(AVAILABLE DATA)

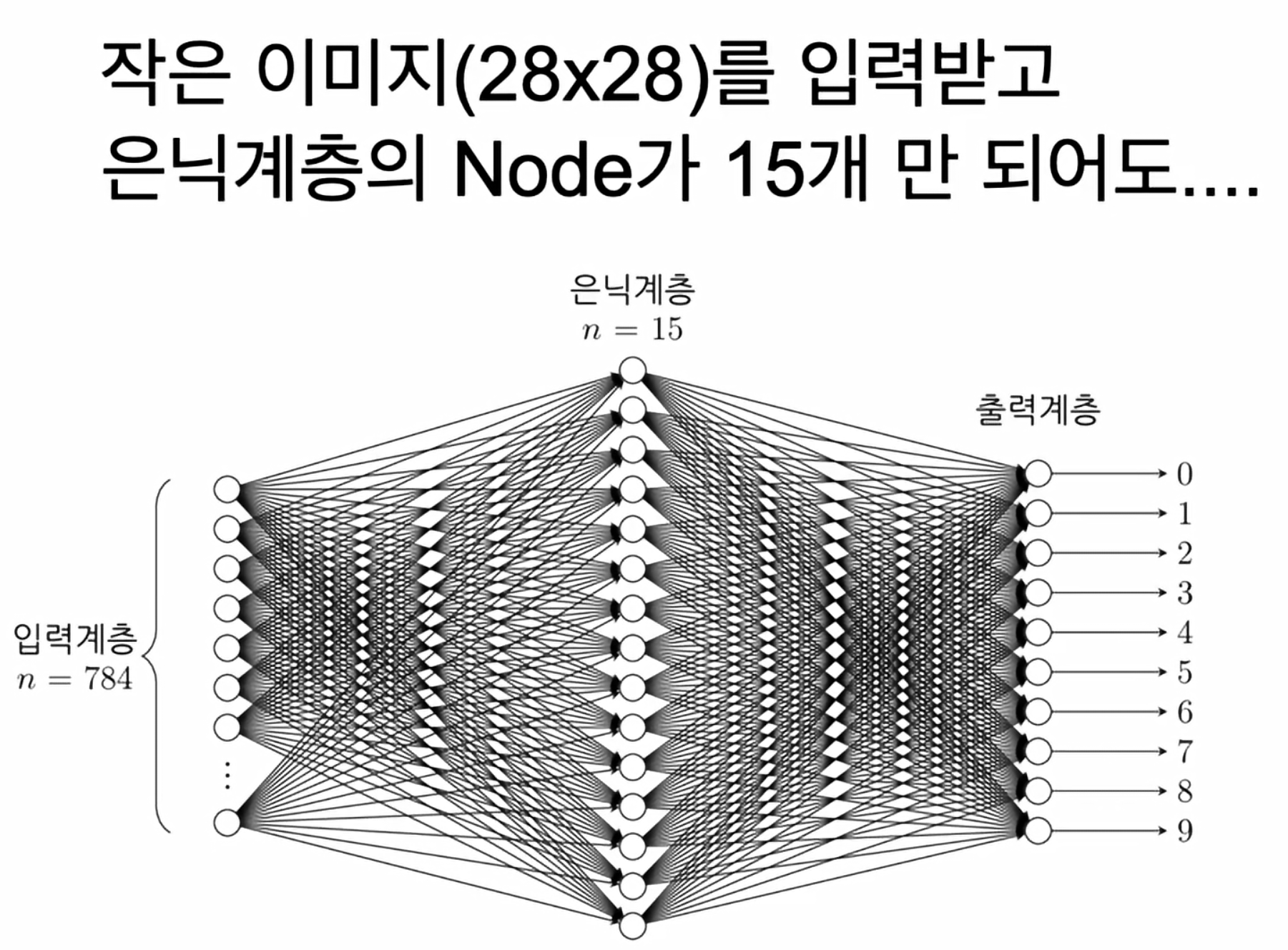 28X28 이미지로만 보아도, 엄청나게 많은 노드와 계산이 발생한다.딥러닝이 풀어야하는 과제들은 수학적으로 표현하기 힘든 것들이 많다. 이미지, 소리, 영상 등등..
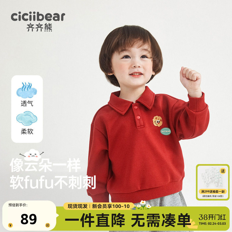 齐齐熊男童卫衣春秋儿童翻领衣服宝宝长袖上衣春装2026新款女童装
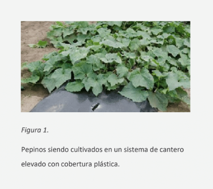 El pepino para cortar en rodajas se cultiva tanto en suelo descubierto como a través del sistema de acolchado de plástico (mulching), en canteros elevados. Comparativamente, los sistemas de suelo descubierto tienen menores costos de insumos; sin embargo, los sistemas de cobertura plástica proporcionan una producción más temprana y mayores rendimientos. La cobertura de plástico negro sobre mesas de cultivo (Figura 1) brinda temperaturas del suelo más elevadas en las cosechas de invierno o de transición, proporcionando una germinación rápida y el desarrollo anticipado de los frutos. Durante los meses calurosos del verano, las coberturas plásticas blancas/ plateadas se utilizan para evitar el sobrecalentamiento del suelo. Otros beneficios del sistema de cobertura plástica son el control de malezas, el aumento de la eficiencia del riego, principalmente en los sistemas de riego por goteo, y un mejor manejo de los fertilizantes. Las desventajas de estos sistemas son el mayor costo de producción y la necesidad de desechar el plástico al final de la cosecha.3

(End AVAILABLE DATA)

THE TASK
Repeat the lines exactly as they stand, from the opening line of the data through the line with "齐齐熊男童卫衣春秋儿童翻领衣服宝宝长袖上衣春装2026新款女童装". Pictures stay out of the copy.

RESULT FOR THIS TASK
 28X28 이미지로만 보아도, 엄청나게 많은 노드와 계산이 발생한다.딥러닝이 풀어야하는 과제들은 수학적으로 표현하기 힘든 것들이 많다. 이미지, 소리, 영상 등등..
 齐齐熊男童卫衣春秋儿童翻领衣服宝宝长袖上衣春装2026新款女童装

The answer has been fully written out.